Basically, the disks would rest in a wooden frame with a notched axle, and each disc would display one digit at a time through a little window, allowing you to rotate them between 0 and 9. Or between 1 and 0, depending on where you arbitrarily start your index.
(The size of the discs in this image is essentially syntactic sugar, illustrating how your available space runs out as you approach the outer limits, but of course in a real model you would want the discs to be of the same size, for obvious reasons.)
Good thing we’ve got digital computers to move simplified, microscopic versions of these pieces around for us, because… yikes.
Building a functional version of one of these would be a challenge.
These “number things” can get pretty big, and sometimes you even have to manage more than one at a time!
But the power and success of the concept still lies in its utility: A mechanical system like the one above might be sufficient, and a digital system might be better, but all that is truly necessary for humans is pen and paper.
We only need to add some kind of stylus and some kind of surface – plus our ten digits – and suddenly we can compute and keep track of incredibly large measurements with little-to-no effort.
Just by virtue of this tracking toolkit, we quickly become masters of quantity and scale, regardless of whether or not our minds can truly fathom it.
(As for the measurements themselves, you’re on your own. This device would only help you keep track of them.)
Even in the absence of digital technology, find any page you can write on and suddenly you will command at your fingertips as many rational numbers as you can handle.
The rest of the animal kingdom will tremble before this immense power, but for a human, learning quasi-magical systems like these are a trivial fact of adolescence.
But as with all power extended, there inevitably comes a weak point.
And this is no different.
For it is all too easy to get lost in the curves of the symbols themselves, forgetting the hidden methods and convoluted patterns that get trapped beneath the veil of well-practiced movements.
Ordering magnitudes via joined, iterative, denary functions is one extremely effective way to track measured relationships at different scales.
Yet still – there are always other ways.
But I’m sure there’s no need to worry about those.
After all, with this system we can order all of magnitude itself!
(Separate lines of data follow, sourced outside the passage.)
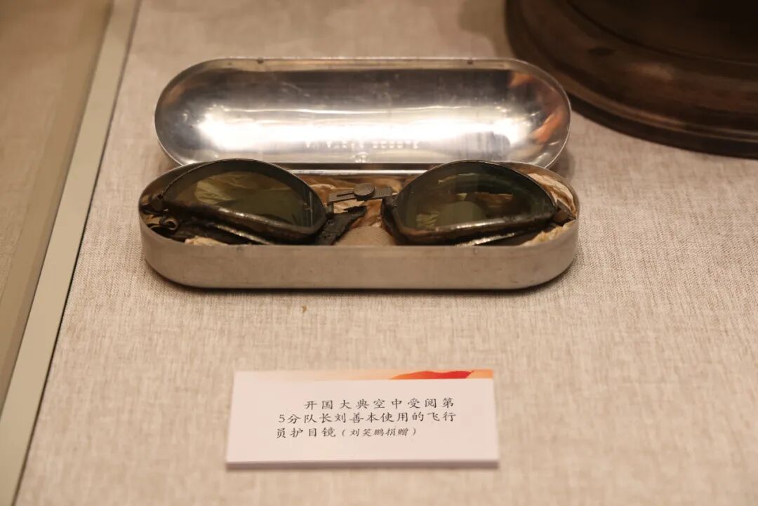 开国大典空中受阅编队领航机长刘善本使用过的飞行护目镜,征集过程可谓是由遗憾到惊喜的完美蜕变。在最初的征集中,刘善本之孙刘笑鹏向我馆捐赠了刘善本使用过的飞行护目镜收纳盒,由于年代久远,收纳盒内的护目镜已不知所踪,当时作为征集人员还是略感遗憾。然而命运的齿轮终究还是在悄悄转动,未尽的缘分终究不会消散。距上一次捐赠数月之后,捐赠人在整理物品时意外发现了一副飞行护目镜,当时就有一种感觉,曾经的遗憾将在此时回归圆满。在经过一些系列的细节比对和试放之后,证明两者确属完整一套,刘善本之孙刘笑鹏当即表示一并捐赠给香山革命纪念馆,成就了展览中此件藏品的珠联璧合。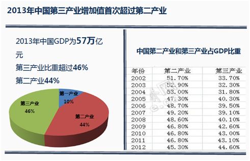 那么,中国这样一个第三产业的比重从2013年开始已经超过第二产业的经济国情,就意味着我们中国的经济需要一个大的调整。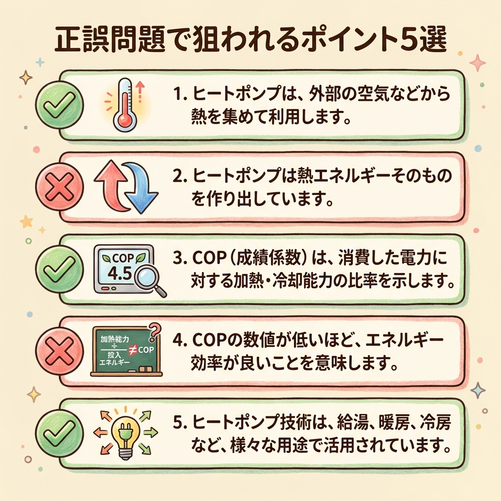 COP計算だけでなく、ヒートポンプの原理に関する正誤問題も出題されます。引っかけやすいポイントを整理しておきましょう。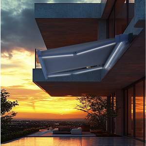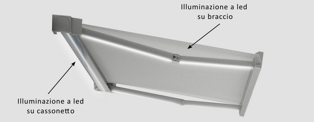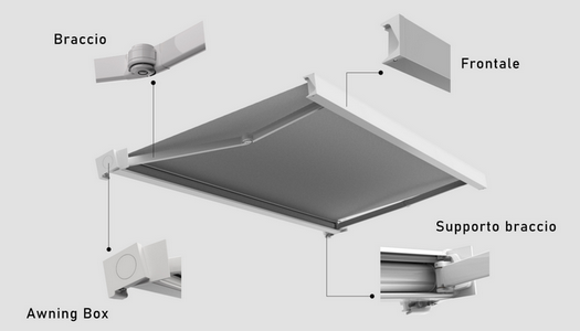 Il design moderno è arricchito da un braccio con fascia tessile coperta da un carter. La regolazione stabile dell’altezza del braccio assicura una chiusura perfetta dell’Awning Box, mentre la sua compattezza e la forma squadrata creano un design discreto ed elegante.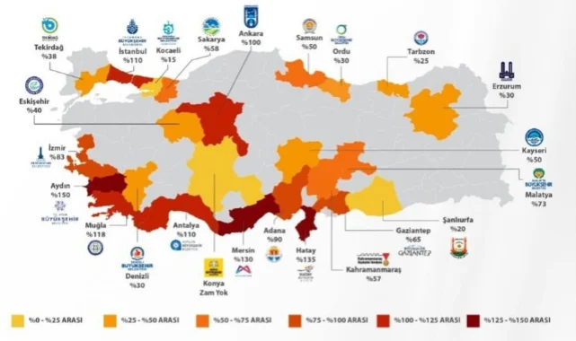 Aydın Büyükşehir Belediyesi %150 zam ile zirvedeyken, Konya Büyükşehir Belediyesi'nin zam yapmamış olması dikkat çekti..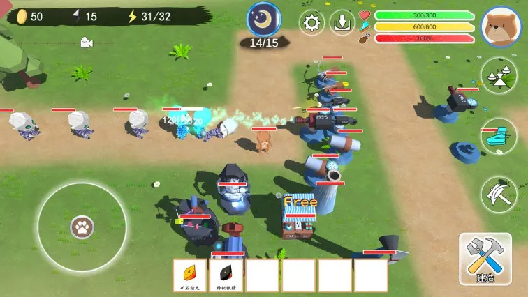 游戏玩法多样,有生存、单路 TD、多路 TD 及防守反击等模式。生存模式中,白天找地形建基地、获取食物、升级科技;初期合理选建筑位置,搭建帐篷与金矿等设施提升资源产出与生存能力。联机模式下,主机玩家创建房间设置难度与地图,加入者输入代码或搜索名称,还能邀好友共同制定规则协作应对敌人。

And we haven’t even mentioned the power of addition or multiplication yet, let alone division.
Or… have we? 🤔
And let’s not even get started on those pesky irrational numbers.
Or any of the other kinds of “numbers.”
Or any of the other kinds of “functions.”
Actually, now that you mention it this system is starting to feel… kinda messy.
I hope things don’t get out of hand.
That’s how you introduce hazards and halting problems, and real-world mechanical/digital systems aren’t going to be quite so friendly about that.
True deterministic systems enforce all the little rules you introduce, even if only by accident, so you better have some kind of real strategy or ruleset in place for smoothing out those rough edges.
Otherwise things will go haywire. Inevitably. In time.
So much for the Curry-Howard-Lambek isomorphism, I guess?
— yoav golan